In the department of helicopters activities performed in the DLR/ONERA project SIMCOS (Advanced Simulation and Control of Dynamic Stall) include extensive wind tunnel experiments and unsteady numerical simulations on dynamically-pitching rotor-blades to investigate and control dynamic stall. A combination of experiments in small-scale wind tunnels and full-scale experiments in large scale wind tunnels including the Transonic Wind Tunnel Göttingen (DNW-TWG) is being used to investigate the parameters influencing the formation and progression of dynamic stall on an airfoil in order to better predict the stall on a helicopter rotor blade.

The investigations use an array of measurement techniques including unsteady pressure, force and acceleration measurements, as well as variants of particle image velocimetry with a high temporal and spatial resolution of the flow field. Based on the experimental data, extensive two and three-dimensional unsteady flow simulation are performed with the DLR-TAU code to improve the numerical prediction of dynamic stall. The newest boundary layer transition and turbulence models are being tested in order that, in the near future, the dynamic stall performance will be a part of the quantitative numerical analysis of new rotor blade designs.

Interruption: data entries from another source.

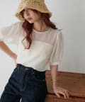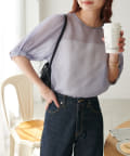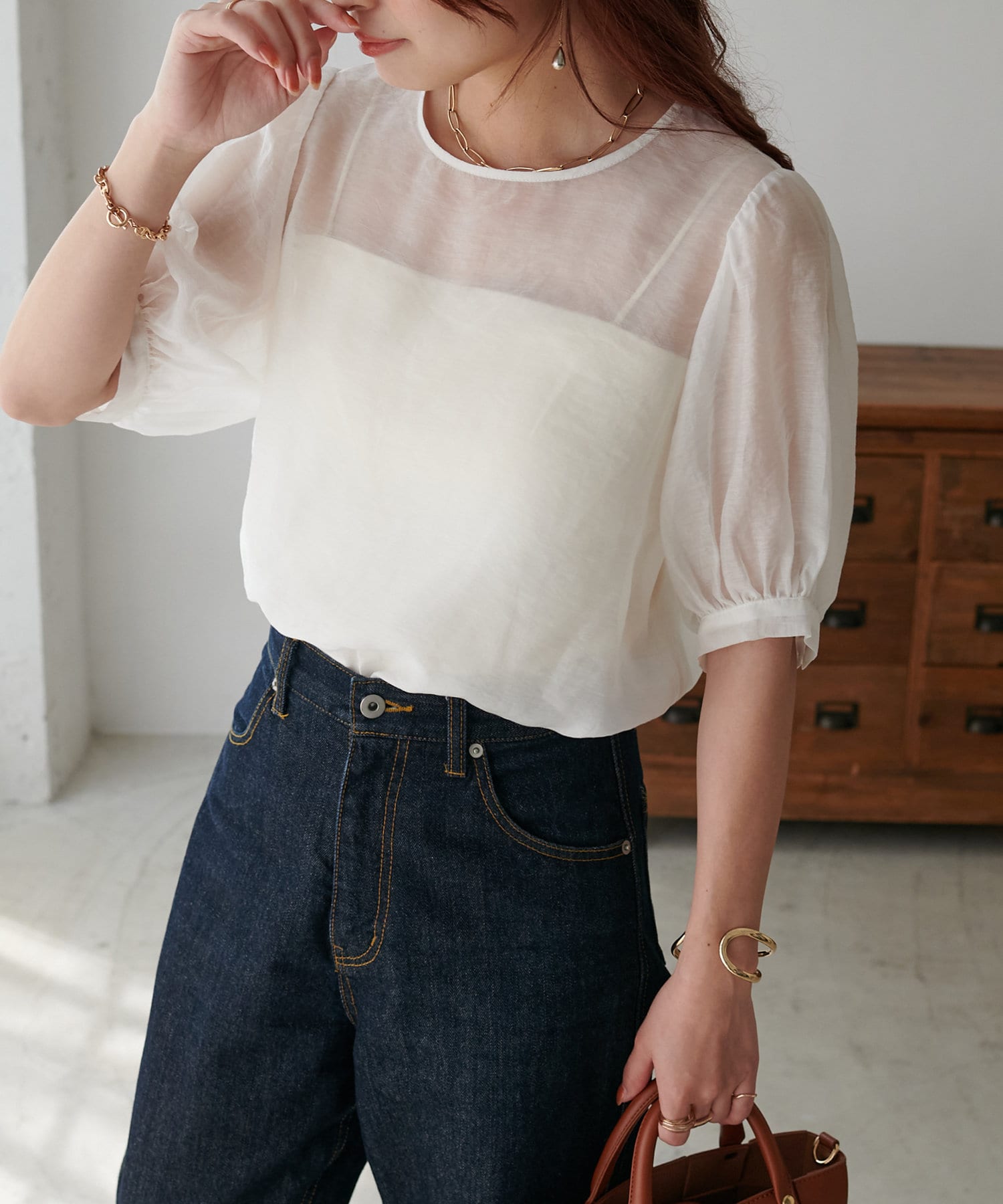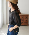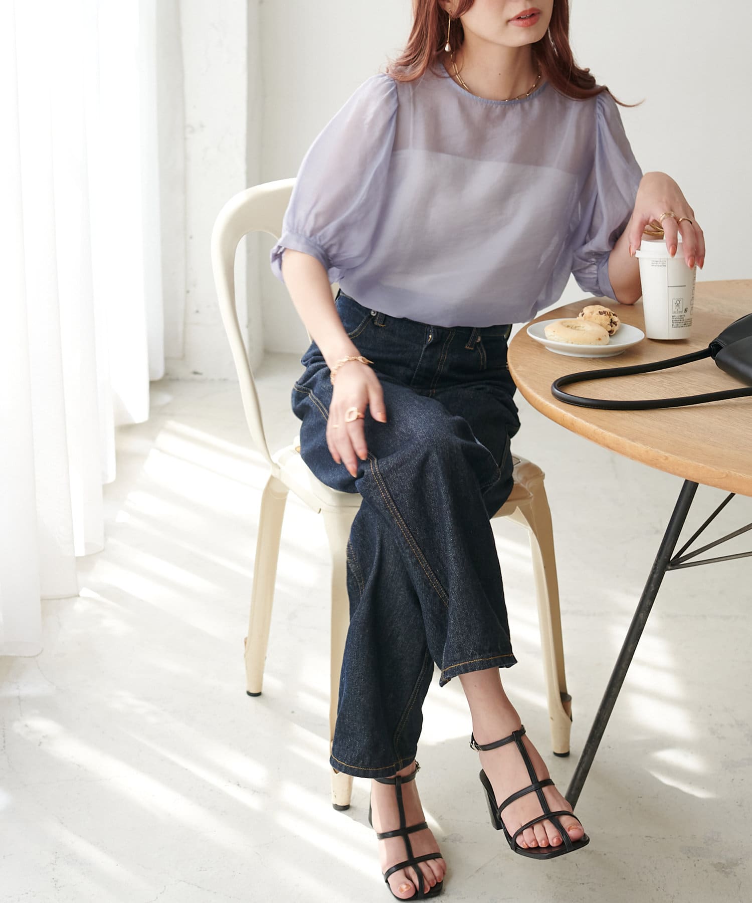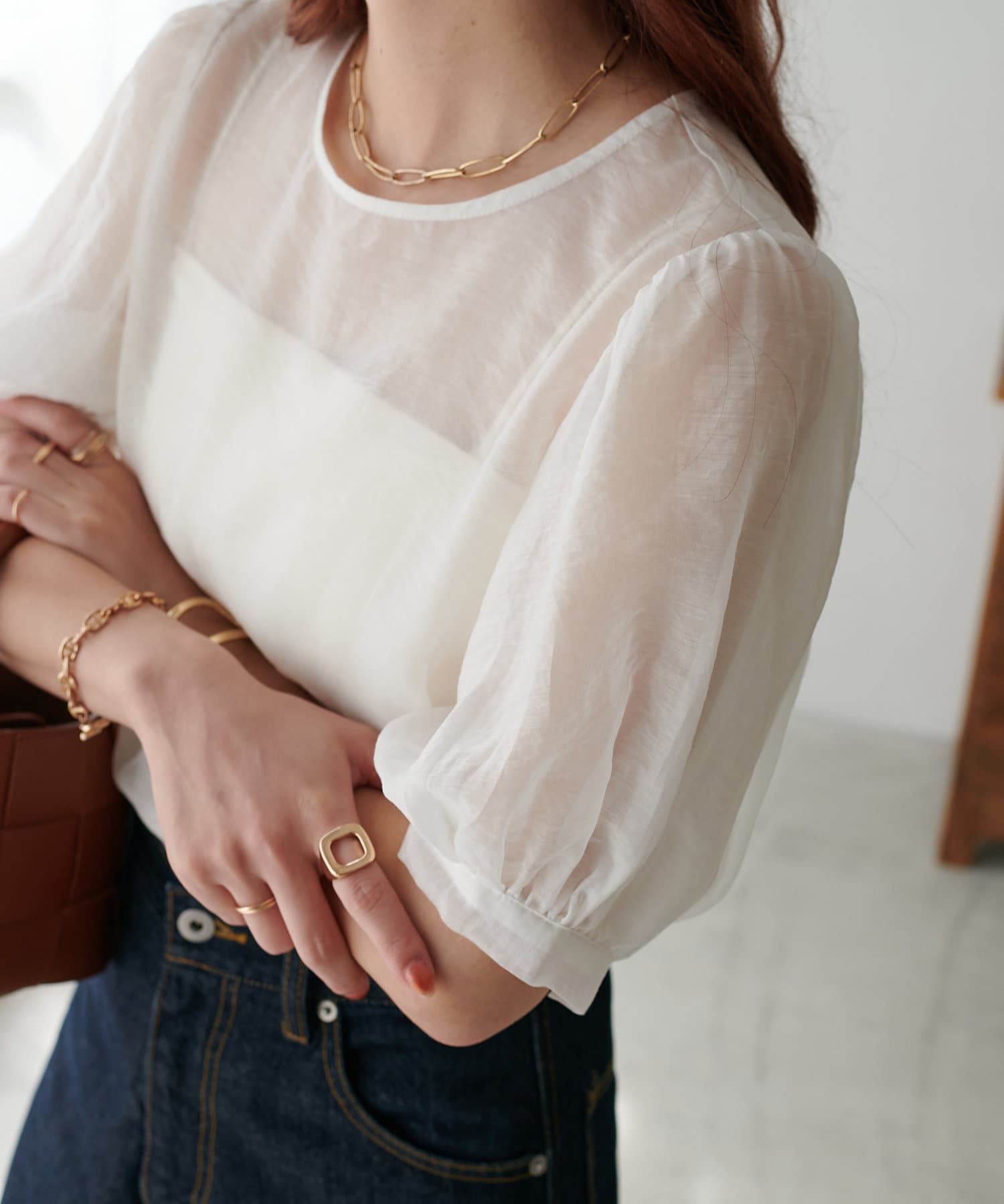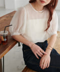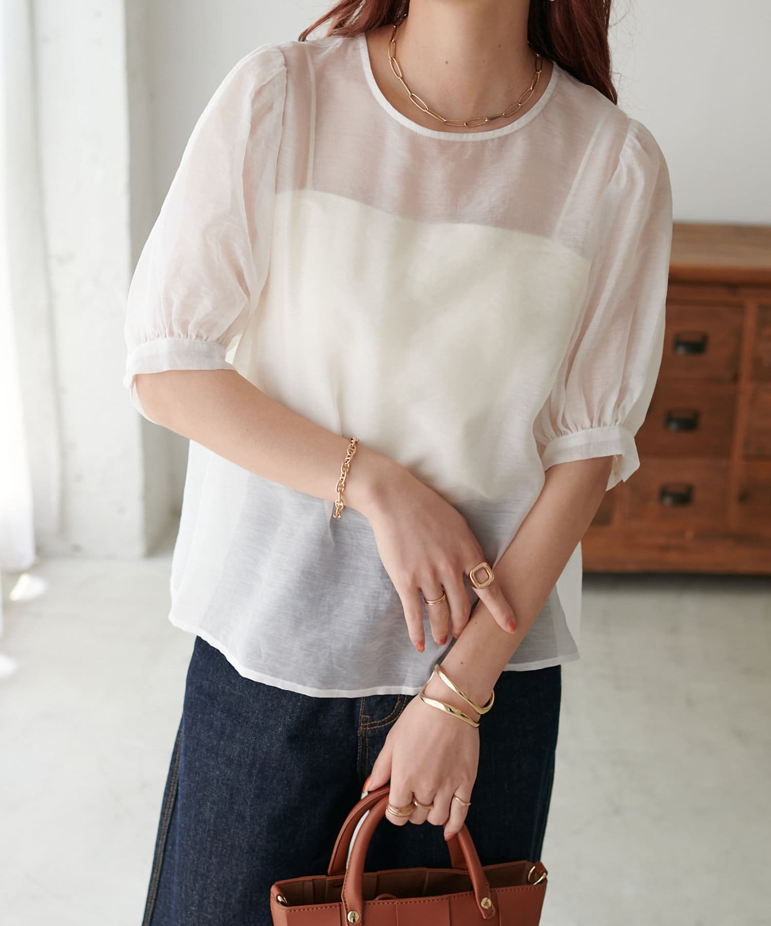 【Discoat】シアー肩ギャザー5分袖ブラウス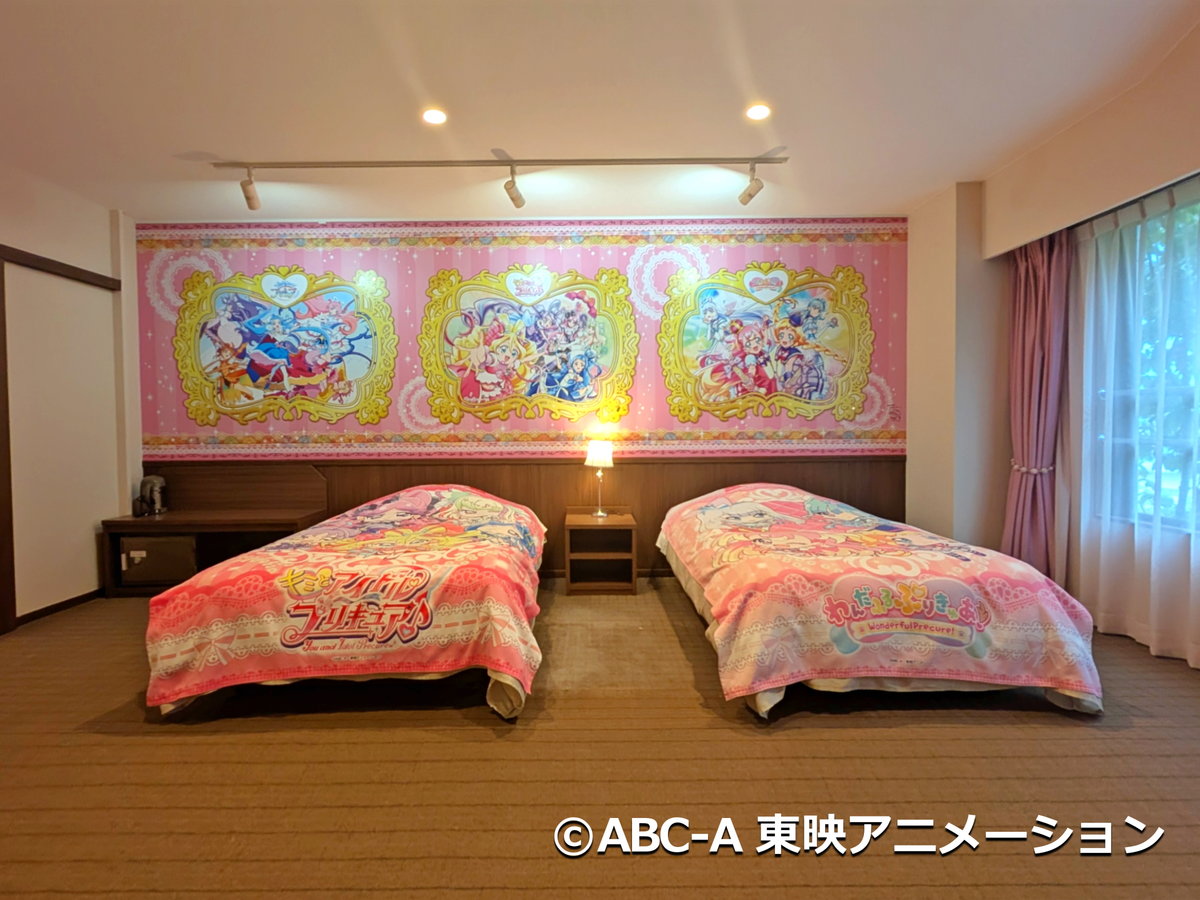 ホテルのプリキュアルームは部屋の中でコスプレ写真を撮ることもできて、スキーの後も楽しい時間を過ごせます✨男の子には仮面ライダールームも。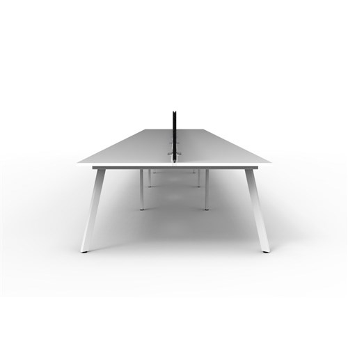 10 person double sided workstation with Natural White top and White Satin frame, Black Eco screen.

The research on dynamic stall is performed in cooperation with national and international partners. This includes a long-term and close cooperation with the French Aerospace Lab (ONERA), and cooperations with the NASA, US-Army and Konkuk University Seoul.
The research is also performed in close cooperation with the German and European helicopter industry.

Literature

• K. Richter, A. Le Pape, T. Knopp, M. Costes, V. Gleize, A.D. Gardner, "Improved Two-Dimensional Dynamic Stall Prediction with Structured and Hybrid Numerical Methods". In: American Helicopter Society 65th Annual Forum Proceedings, 2009
• Mulleners, Karen and Raffel, Markus (2010) The Onset of Dynamic Stall: a Time-Resolved Approach. 36th European Rotorcraft Forum, 07.-09. Sept. 2010, Paris, France
• Kindler, Kolja and Mulleners, Karen and Schneider, Oliver and Raffel, Markus (2010) Dynamic Stall on a Fully Equipped Helicopter Model. 36th European Rotorcraft Forum , 07.-09. Sept. 2010, Paris, France.